Como administrador de su campo y delegado en la frontera mostró grandes conocimientos sobre el sector
El 15 de septiembre de 1759, hace dos siglos y medio nació en la Hacienda La Fombera, cerca del Valle Imperial de Potosí, el famoso patriota don Cornelio de Saavedra.
Su personalidad es conocida como presidente de la Junta de Mayo de 1810, como primer jefe de la Legión de Patricios Voluntarios Urbanos, y también por sus polémicas con el también Mariano Moreno.
Sin embargo, don Cornelio estuvo siempre vinculado a la actividad rural, con buenos resultados económicos.
En Buenos Aires fue propietario de la calera de los franciscanos, en la que sembraba dos potreros con alfalfa, para lo que contaba con 8 esclavos para el trabajo, y el rédito era suficiente para su mantenimiento.
Su ingreso al Gobierno en 1810 le produjo el menoscabo en sus fincas y disminuyó la producción de su establecimiento, que en algo pudo compensar con los sueldos que percibía por sus servicios.
En octubre de 1810, durante su mandato, llegó al puerto de la Ensenada la fragata inglesa Lady Gambere, a cargo del capitán Raed, con sal, suelas y herramientas para establecer el primer saladero de carnes industrial, propiedad de los súbditos ingleses Staples y Niele.
Uno de los graves problemas era la falta de peones en los campos, no porque faltaran, sino porque era mucha la vagancia y no querían conchabarse, y escapaban a las partidas que los perseguían.
Algunos de estos sujetos tan poco aficionados al trabajo exhibían papeles falsos como enganchados al servicio de las armas.
Como la cosecha de 1810 era muy abundante, acechaba además el peligro de no poder recogerse, porque los santiagueños, cordobeses y puntanos que bajaban a contribuir con su trabajo como era costumbre, se habían ahuyentado temerosos de ser incomodados con levas o reclutas.
Por esa razón se le pidió a las autoridades de Córdoba, Santiago del Estero y la Punta de San Luis invitaran a concurrir a la cosecha a los suyos, munidos de la correspondiente papeleta que les evitara cualquier molestia.
Después de la persecución que le tocó vivir y repuesto en su empleo, el 25 de enero de 1819 el director José Rondeau lo designó Delegado Directorial en la frontera, con destino en la Villa de Luján.
Saavedra, conocedor de los problemas del campo como pocos en ese momento, resultó la persona indicada para cumplir con esa tarea.
Las guerras habían disminuido la mano de obra, numerosos desertores asolaban los campos, los ataques de los indios eran un problema recurrente.

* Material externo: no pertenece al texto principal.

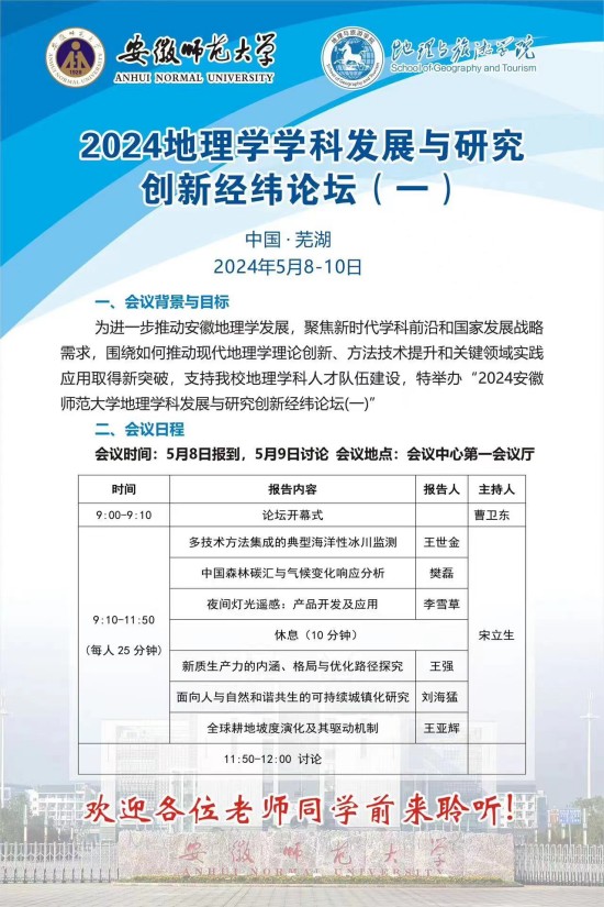 【学术预告】2024地理学学科发展与研究创新经纬论坛

Por eso, Saavedra tomó contacto y recorrió los fortines comprobando con sus propios ojos la dura realidad.
Inmediatamente, Saavedra dispuso que quien no tuviera propiedad legítima, "o arbitrio honesto de que subsistir", debía buscar en quince días un patrón a quien servir, en el concepto de que de no hacerlo sería reputado por vago.
No era menor el problema sanitario, por lo que dispuso que un vacunador recorriera toda la frontera inmunizando a las gentes del grave flagelo de la viruela.
El problema del abigeato
Además, los comandantes se quejaban de la falta de escuelas y también de los robos de ganado, por lo que ordenó que al que fuera atrapado robando hacienda se le dieran 29 azotes, más allá de seguir con el sumario correspondiente.
Por otra parte, para regularizar la informalidad con que se extraía para la capital el ganado de abasto, cueros, grasa, cebo y demás frutos que producían los establecimientos, se ordenó que el propietario debería dar al comprador un certificado expresivo del número de animales, cueros, y del peso o porción de las otras especies que le venda, certificándolo el Alcalde.
En caso de ser encontrado sin dicho papel o guía como hoy se conoce, la carga sería decomisada y vendida en subasta pública.
Por herencia de su suegro, don José Antonio de Otálora recibió unas tierras en el Rincón de Areco y en la costa del Paraná.
Al momento de testar, la propiedad estaba poblada con un buen número de cabezas de ganado, 100 yeguarizos (entre machos y hembras) y 13 caballos de trabajo, más 80 mulas y 100 burros.
En 1828, deseoso de mantener el interés por la producción del campo, entregaron con su esposa a sus hijos Dominga, Mariano y Francisco de la marcación de ese año 333 terneros a cada uno.
Igualmente les ofrecieron yeguas y potros domados, los que después de "caídos los cardales" debían separarse de la hacienda principal y cuidarlos por separado.
Tanto fue su cariño a la tierra, que en su testamento pidió que de morir en la estancia familiar del Rincón de Cabrera, su cuerpo se depositara en la cercana parroquia de Exaltación de la Cruz.